Ansatz, Arbeitsweise und Methoden, die wir in diesem Buch vermitteln, sind großteils aus der Tradition von Milton H. Erickson hervorgegangen. Insofern nutze ich einige seiner Geschichten, um Grundlagen darzustellen.

Der Trainer eines Scharfschützen-Teams der US-Armee fragte Erickson, ob er seine Männer trainieren würde, denn regelmäßig landete seine Mannschaft bei Wettkämpfen hinter den Russen auf Platz zwei. Erickson sagte, er könne lediglich die beiden Enden eines Gewehres unterscheiden. Mehr wüsste er nicht vom Schießen und das wäre auch nicht nötig. Denn die Schützen besitzen das ganze Wissen über Gewehre und Schießen. Er als Mediziner weiß jedoch alles Notwendige über Körper und Geist. Der Kommandant der Truppe reagierte wütend, als er erfuhr, dass ein Psychiater seine Mannschaft trainieren sollte.
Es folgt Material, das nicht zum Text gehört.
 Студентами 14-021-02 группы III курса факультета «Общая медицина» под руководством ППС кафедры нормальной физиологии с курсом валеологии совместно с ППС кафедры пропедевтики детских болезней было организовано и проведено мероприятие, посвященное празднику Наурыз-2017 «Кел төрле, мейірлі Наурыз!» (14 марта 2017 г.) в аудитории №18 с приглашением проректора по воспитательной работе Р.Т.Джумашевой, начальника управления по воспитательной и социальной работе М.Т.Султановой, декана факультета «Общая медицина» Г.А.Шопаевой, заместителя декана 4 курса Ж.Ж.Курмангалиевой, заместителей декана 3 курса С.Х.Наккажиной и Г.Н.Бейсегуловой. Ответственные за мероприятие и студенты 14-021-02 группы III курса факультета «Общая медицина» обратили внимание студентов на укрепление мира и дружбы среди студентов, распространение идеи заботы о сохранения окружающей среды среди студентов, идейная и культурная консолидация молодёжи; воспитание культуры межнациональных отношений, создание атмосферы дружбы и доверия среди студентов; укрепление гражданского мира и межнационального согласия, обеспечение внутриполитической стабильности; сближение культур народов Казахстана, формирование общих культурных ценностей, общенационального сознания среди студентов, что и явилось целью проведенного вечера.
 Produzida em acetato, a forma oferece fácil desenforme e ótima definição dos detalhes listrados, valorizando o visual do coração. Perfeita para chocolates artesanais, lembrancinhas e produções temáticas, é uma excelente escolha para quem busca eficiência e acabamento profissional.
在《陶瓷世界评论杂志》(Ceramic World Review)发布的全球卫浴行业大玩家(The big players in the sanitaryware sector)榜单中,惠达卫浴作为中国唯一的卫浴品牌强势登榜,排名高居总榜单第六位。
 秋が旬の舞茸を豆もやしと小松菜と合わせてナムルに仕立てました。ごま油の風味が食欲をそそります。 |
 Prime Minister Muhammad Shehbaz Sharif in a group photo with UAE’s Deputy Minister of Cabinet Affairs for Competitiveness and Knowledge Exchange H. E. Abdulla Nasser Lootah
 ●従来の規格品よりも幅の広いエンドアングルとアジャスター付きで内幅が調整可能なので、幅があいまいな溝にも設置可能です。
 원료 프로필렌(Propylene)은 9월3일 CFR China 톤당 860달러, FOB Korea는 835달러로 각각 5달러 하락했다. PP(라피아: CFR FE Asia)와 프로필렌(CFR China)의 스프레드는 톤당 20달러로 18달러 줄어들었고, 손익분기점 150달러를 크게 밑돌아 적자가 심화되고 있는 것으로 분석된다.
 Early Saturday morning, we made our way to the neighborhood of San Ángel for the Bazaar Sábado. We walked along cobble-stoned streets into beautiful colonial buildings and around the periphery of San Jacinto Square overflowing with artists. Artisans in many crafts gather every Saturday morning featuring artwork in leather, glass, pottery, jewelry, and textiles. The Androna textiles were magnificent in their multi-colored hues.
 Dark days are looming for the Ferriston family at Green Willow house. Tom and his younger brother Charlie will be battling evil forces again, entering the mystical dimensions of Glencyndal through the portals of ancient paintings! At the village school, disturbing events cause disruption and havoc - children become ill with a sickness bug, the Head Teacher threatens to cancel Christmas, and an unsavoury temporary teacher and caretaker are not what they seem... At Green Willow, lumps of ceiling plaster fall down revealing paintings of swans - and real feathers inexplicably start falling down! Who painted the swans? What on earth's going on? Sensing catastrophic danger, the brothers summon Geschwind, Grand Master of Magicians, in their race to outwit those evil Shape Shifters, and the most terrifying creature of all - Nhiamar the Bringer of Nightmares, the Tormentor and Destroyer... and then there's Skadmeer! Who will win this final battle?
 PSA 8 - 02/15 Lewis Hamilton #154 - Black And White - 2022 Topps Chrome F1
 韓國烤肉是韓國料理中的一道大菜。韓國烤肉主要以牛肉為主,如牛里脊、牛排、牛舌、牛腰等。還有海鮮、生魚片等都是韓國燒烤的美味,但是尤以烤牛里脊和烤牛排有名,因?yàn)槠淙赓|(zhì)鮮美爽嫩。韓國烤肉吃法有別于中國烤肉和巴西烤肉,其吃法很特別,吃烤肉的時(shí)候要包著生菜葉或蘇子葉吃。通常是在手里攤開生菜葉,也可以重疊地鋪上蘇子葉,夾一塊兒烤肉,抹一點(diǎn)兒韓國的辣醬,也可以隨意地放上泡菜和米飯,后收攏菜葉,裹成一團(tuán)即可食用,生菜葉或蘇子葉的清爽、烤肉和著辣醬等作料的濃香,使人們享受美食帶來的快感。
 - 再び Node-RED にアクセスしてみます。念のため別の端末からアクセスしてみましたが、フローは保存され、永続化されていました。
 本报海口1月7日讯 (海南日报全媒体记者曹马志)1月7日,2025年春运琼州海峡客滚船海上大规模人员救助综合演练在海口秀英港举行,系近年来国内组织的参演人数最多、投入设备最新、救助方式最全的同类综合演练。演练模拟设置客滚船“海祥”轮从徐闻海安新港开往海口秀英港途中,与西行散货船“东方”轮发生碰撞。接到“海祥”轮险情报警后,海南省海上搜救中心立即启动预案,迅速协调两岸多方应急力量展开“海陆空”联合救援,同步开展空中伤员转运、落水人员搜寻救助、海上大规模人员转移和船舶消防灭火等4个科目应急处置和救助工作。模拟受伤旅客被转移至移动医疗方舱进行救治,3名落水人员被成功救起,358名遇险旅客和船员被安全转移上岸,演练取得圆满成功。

Erickson war klar, dass er als Erstes die Einstellung der Schützen ändern müsse. Aus deren Sicht bestand kein Zweifel daran, dass hartes Training die einzige Möglichkeit sei, um ihre Leistung zu verbessern.

Erickson wusste, dass die Schützen viel mehr Erfolg hätten, wenn sie ihre Körperhaltung ändern würden: von ehrgeiziger Anspannung in Richtung Entspannung mit Spannkraft. Und, dass das Bewusste es nie und nimmer schaffen kann, gleichzeitig das Ziel präzise zu fixieren und haargenau im richtigen Moment abzudrücken – reflexartig wie ein Wimpernschlag. Es würde viel zu lange dauern zu überlegen: Treffe ich oder nicht? Und bei jedem Treffer wird dann die Unsicherheit ein wenig größer. Der Zweifel, ob man alle Ziele schafft, steigt und steigt.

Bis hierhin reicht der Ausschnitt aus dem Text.